Nwaoha et al.(2011a) also identified the basic events associated with an LNG spill from a transfer arm to include manual release, auto release, application of ship motion, motion and controls, fire and explosion, material defects, pipe rupture and overpressure with failure frequencies of 0.024/hour, 0.03/hour, 0.000 66/hour, 1.382e-005/hour, 1.78e-06/hour, 11.15e-06/hour, 0.01/hour and 2.96e-010/ hour respectively. The hazard consequence, hazard probability and risk assessment matrix employed in that study are listed in Tables 1, 2, and 3, respectively. Finally, the GA methodology determined the cost of maintaining and repairing an LNG containment system and transfer arm, with respect to their risk levels and budgeted maintenance costs. Nwaoha et al.(2011a)determined that the costs of maintaining and repairing an LNG containment system and transfer arm were $729 087 and $570 913, respectively, with an overall budgeted maintenance cost of $1 300 000. The authors also recommended further research with respect to the uncertainty treatment of failure frequencies and the cost of maintenance and repair of LNG carrier systems. These issues are addressed in sub-section 3.2.1 by the use of fuzzy logic in combination with the GA.
Category | Weight | Description | Equipment | Personnel |
1 | 1000 | Catastrophic | System loss | Death |
2 | 100 | Critical | Major system damage | Severe injury/Illness |
3 | 10 | Marginal | Minor system damage | Minor injury/Illness |
4 | 1 | Negligible | <Minor system damage | <Minor injury/Illness |
The Fuzzy Set Theory(FST)was first presented by Zadeh(1965). This theory is a mathematical formalization that enables the representation of degrees of membership by members in sets(Eleye-Datubo, 2006). Fuzzy logic is the term used for ad-hoc applications of rules based on a simplified FST(Eleye-Datubo, 2006). It is a versatile tool that is tolerant of imprecise, ambiguous, and vague data/information, and its reasoning builds understanding into a process. Fuzzy logic mainly uses the concept of linguistic variables, and provides a framework for systematically dealing with such variables.

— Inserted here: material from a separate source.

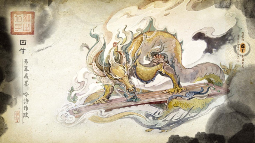 囚牛是个喜欢安静,喜欢弹琴唱歌的龙子。囚牛与他的其他八个兄弟不同,他是个彻头彻尾的文艺青年,脾气好,性格温顺,一点都不像他的龙老爹,有点事儿就吹胡子瞪眼,最好再来一场大雨,淹了人间。囚牛不是这样的,他没事儿爱带着一个胡琴,皎洁的月光下,拉着自己喜爱的曲子。按照现在的说法,囚牛大概是最早的街头艺人了。为什么我的脑海里出现的都是阿炳的《二泉印月》……咳咳,扯远了。总之,囚牛是一位性情温顺,通晓乐理的龙子,还是位大帅哥!嗯嗯,一个会吹拉弹唱的龙子哥哥,坐在花前月下,为你拉上一曲美丽的《二泉印月》,咳咳,不对,《春江花月夜》,这该有多美啊!小读者们,你们想有一位这样的哥哥吗?

Level | Description | Frequency |
A | Frequent | Likely to happen |
B | Probable | Several times during lifetime |
C | Occasional | Likely to happen once |
D | Remote | Unlikely but possible during life time |
Hazard severity | Weight | A(Frequent) | B(Probable) | C(Occasional) | D(remote) |
1. Catastrophic | 1 000 | A-1 | B-1 | C-1 | D-1 |
2. Critical | 100 | A-2 | B-2 | C-2 | D-2 |
3. Marginal | 10 | A-3 | B-3 | C-3 | D-3 |
4. Negligible | 1 | Negligible hazards No action required |
There are various fuzzy logic techniques such as discrete and continuous fuzzy sets, and the Fuzzy Rule Base(FRB), which have all been used in uncertainty treatments in the maritime industry(Shafiee, 2015; Yang and Wang, 2015; Pillay and Wang, 2002; Wang et al., 1995; Wang et al., 1996; Wang, 1997; Wang, 2000; Sii et al., 2001; Ung et al., 2006; Yang et al., 2005). Fuzzy logic can be used in linguistic approach application for a wide variety of problems.A fuzzy set is represented by a membership function on the universe of discourse or the universal set(X)(Zadeh, 1987). A membership rating ranging between 0 and 1 indicates the degree of membership. The shape of the fuzzy set depends on the way the data is represented. The membership is indicated on the vertical axis, ranging between 0 and 1, and the set domain is indicated along the horizontal axis. The fuzzy set shape defines the relationship between the domain and the membership values of a set. Different types of fuzzy membership functions are used when solving engineering problems. The particular membership function chosen for solving an engineering problem depends on the choice of the designer and the problem formulation. The most commonly used membership functions in engineering applications are triangular, trapezoidal, sigmoid-curve, generalized-bell- curve, and gaussian-curve membership functions. The features of the FSTmay be summarized as follows(Eleye-Datubo, 2006):
· It is conceptually easy to understand with “natural” mathematics.
· It is tolerant of vague or imprecise data. The use of FST is particularly adapted to the representation and manipulation of the imprecision and uncertainty of linguistic labels that define the criteria of the classes.
· It presents flexible ways of dealing with different forms of uncertainty. For example, there is a lot of freedom in choosing the membership functions of fuzzy sets.
· It is a more intuitive concept than is differential equation, and enables analysts and decision-makers to capture knowledge about how the system behaves in everyday linguistic terms(i.e. using natural language).
· Although it makes use of heuristics, the FST framework still offers a convenient way to express and capitalize on the experience of experts’ common sense knowledge.
· It has the ability to model any complex or highly non-linear function to any arbitrary degree of accuracy.
· It is based on rules(i.e., rule base logic)that can be specified with natural language. Basically, these laws are naturally broken down into individual IF-THEN statements that lend themselves to parallel processing.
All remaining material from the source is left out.